The CPA had picked up her own phone and was texting. “I have a friend with a photo editing program that can re-render text.”
“What does that mean?”
“It locates the basic shapes of letters and numbers in a document and draws them, filling in anything that’s missing or unclear. I sometimes have to use it to enhance faded receipts my clients need for a business audit.”
“I’m not following.”
“You don’t have to. Just send me all the pictures you took.”
Andy tried. She really did. But instead of feeling energized by what Lorna just said, her beleaguered brain began to retreat, leaving her to stare dumbly at her phone.
Lorna slipped the device out of her friend’s incapacitated fingers and completed the task herself.
“There,” Lorna said. “We should get these back before ten tomorrow morning. Now, when is Melissa bringing Harley home tonight?”
“She didn’t say,” Andy mumbled.
“Not a problem. You’ve got the guest room.
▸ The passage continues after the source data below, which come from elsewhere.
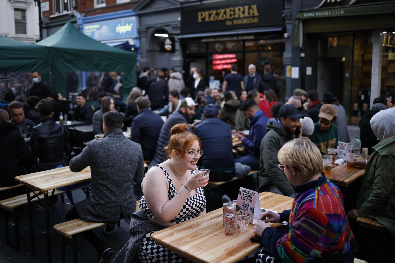 Customers enjoy drinks at tables outside the bars in the Soho area of London, on April 12, 2021.
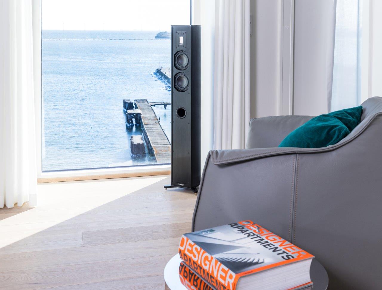 The Premium 701 is barely larger than its smaller sister model. It also uses a 2.5-way system. Two 140 mm MDS converters cater for the bass, one of the two also handles mid-tone emission. The newly developed LDR 3056 ribbon, used here for the very first time, produces the high tones. The Premium 701 can be operated in almost any room thanks to its dynamic and powerful sound.
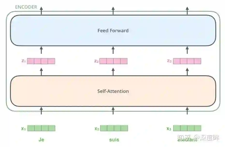 这个计算很明显就是前面说的注意力机制计算过程,每个输入单词的编码输出都会通过注意力机制引入其余单词的编码信息。
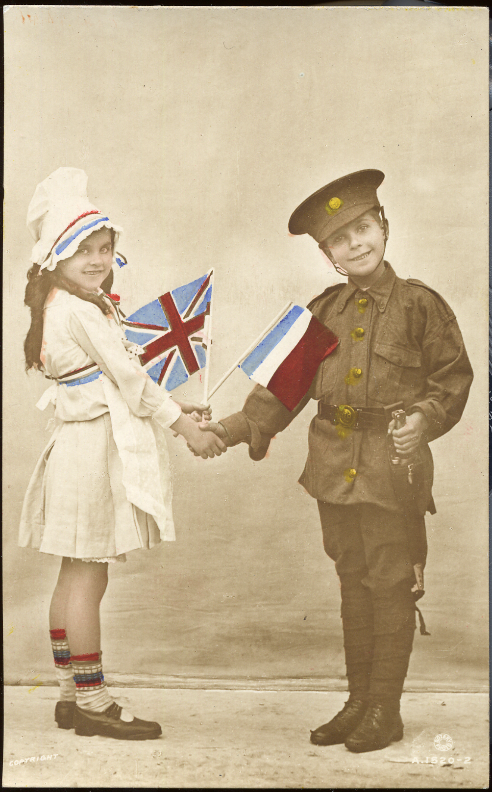 - This is a hand-painted, sepia-toned photo of a girl holding two flags and shaking hands with a boy in a soldier's uniform. Text at bottom left: "Copyright". Text at bottom right: "Rotary Photo A.1520-2". On reverse: "Printed in Britain"; "This is a hand-painted real photograph of British children."; "Rotary Photo, London, E.C.".
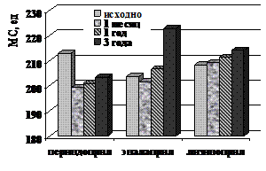 Была обнаружена тенденция к уменьшению МС. В группе триметазидина МВ, исходно величина МС составила 207,6±4,4 ед., к концу периода наблюдения 205,5±2,5 ед. В группе сравнения отмечался рост величины МС к концу периода наблюдения.

I told him to take the futon in the study.”
Without indulging her comatose co-conspirator a moment longer, Lorna removed the two wine glasses from the table and emptied them into the sink.
“Why are you taking my wine?” Andy whimpered through the late-night fog of exhaustion.
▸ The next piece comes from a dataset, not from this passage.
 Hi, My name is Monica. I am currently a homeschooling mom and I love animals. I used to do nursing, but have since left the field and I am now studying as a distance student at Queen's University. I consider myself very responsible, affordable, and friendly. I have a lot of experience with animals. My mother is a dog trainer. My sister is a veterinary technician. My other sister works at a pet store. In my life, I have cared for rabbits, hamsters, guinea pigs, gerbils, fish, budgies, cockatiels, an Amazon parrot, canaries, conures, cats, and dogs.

“It’s time for another Tylenol, my woozy friend. And you need sleep.”
Andy looked down involuntarily at Tilda’s 8-inch keepsake. The elongated keystroke was throbbing again, shooting hot pulses of pain along the inside of her lower arm. The edge of the jagged metal blade had not so much sliced the skin, as riddled it with dozens of tiny punctures. Andy sat stupefied by the purpling flesh. She’d been wrong to call Tilda a mad dog. Mad dogs acted and reacted in the moment. People like Tilda had volition; they were creatures of choice, with a strong self-will and a long-term strategy.
Fifteen minutes later, Andy succumbed to sleep, drifting off on the notion that the palm reader might simply have been drawing a dotted line to follow, so that next time the two of them met, she would know exactly where to make the real cut.
Chapter 29
More Convoluted than the Tax Code
Harley returned to the condo later that night, apparently unharmed by his evening with The Impresario. All Lorna and Andy knew was that he was sleeping deeply and out of earshot on the futon in the study, as they waited for the pictures of the passport to arrive the next morning. The enhanced JPEGs began to appear in Lorna’s inbox at 10:20 a.m.